I've seen some calculation I think from an HSBC analyst that it would take a monthly subscription of $200/mo. from some large portion of the US population for some insane number of years to break even.

  • > from some large portion of the US population

    What a silly calculation.

    OpenAI’s customer base is global. Using US population as the customer base is deliberately missing the big picture. The world population is more than 20X larger than the US population.

    It’s also obvious that they’re selling heavily to businesses, not consumers. It’s not reasonable to expect consumers to drive demand for these services.

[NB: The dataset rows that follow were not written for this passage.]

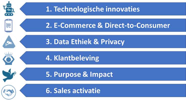 Het onderzoek, of beter, de verkenning dus, leverde een schat aan informatie op die weer leidde tot een serie aanbevelingen over marketingonderwijs. Om structuur aan te brengen – tenslotte is marketing voor veel mensen ook een soort ‘mening’ – hebben de onderzoekers eigenlijk twee paden bewandeld. Allereerst is de blik naar buiten gericht. Op basis van een analyse van rapporten, trendanalyses en expertinterviews zijn relevante trends en ontwikkelingen met betrekking tot de toekomst van de marketing geïnventariseerd. Daarin kwamen de zes thema’s naar voren:
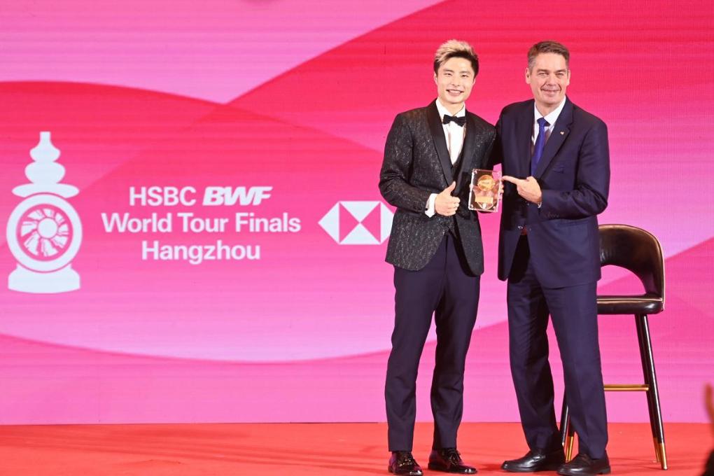 12月9日,世界羽聯(lián)主席拉爾森為獲得年度最佳男子單打運(yùn)動(dòng)員的中國選手石宇奇(左)頒獎(jiǎng)。新華社記者 黃宗治 攝
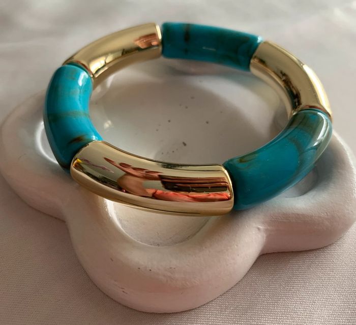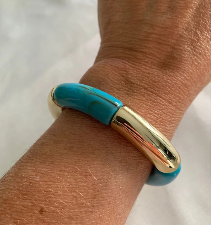 Beau bracelet en résine bleu turquoise et doré ! Bracelet élastique qui s'adapte à la plupart des poignets! Bracelet tendance ! Largeur : 1,1 cm Envoi rapide dans les 24/48 heures ! Lots d'articles possibles avec réduction ! N'hésitez pas à vous abonner afin de ne pas manquer les nouveautés ! #bijoux #bijouxfemme #bracelet #braceletfemme #bangle #doré #bleu #bleuturquoise #turquoise #braceletbangle #blaceletbleu #braceletturquoise #braceletbleururquoise #banglebleu #bangledoré #braceletdoré #bleuetdoré #élastique #5€ #gift #ideagiftwoman #ideagift #regalo #idearegalo #idearegalomujer #braceletélastique #accessoires #mode #cadeau #tendance #noël #anniversaire #bangle #pulsera
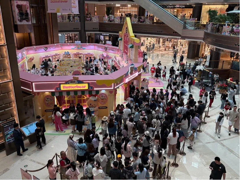 “首发首秀”经济也同样火热。风靡国际的“黄油小熊”主题艺术展上海首展“五一”期间展出,财联社记者现场看到,店铺所在的商场中庭围满了拍照打卡的人,上百人排队等待进店购买“黄油小熊”限量商品。

    • >OpenAI’s customer base is global.

      I'd be willing to bet that, like many US websites, OpenAI's users are at lest 60% American. Just because there's 20x more people out there doesn't mean they have the same exposure to American products.

      For instance, China is an obvious one. So that's 35%+ of the population already mostly out of consideration.

      >It’s also obvious that they’re selling heavily to businesses, not consumers.

      I don't think a few thousand companies can outspend 200m users paying $200 a month. I won't call it a "mathematical impossibility", but the math also isn't math-ing here.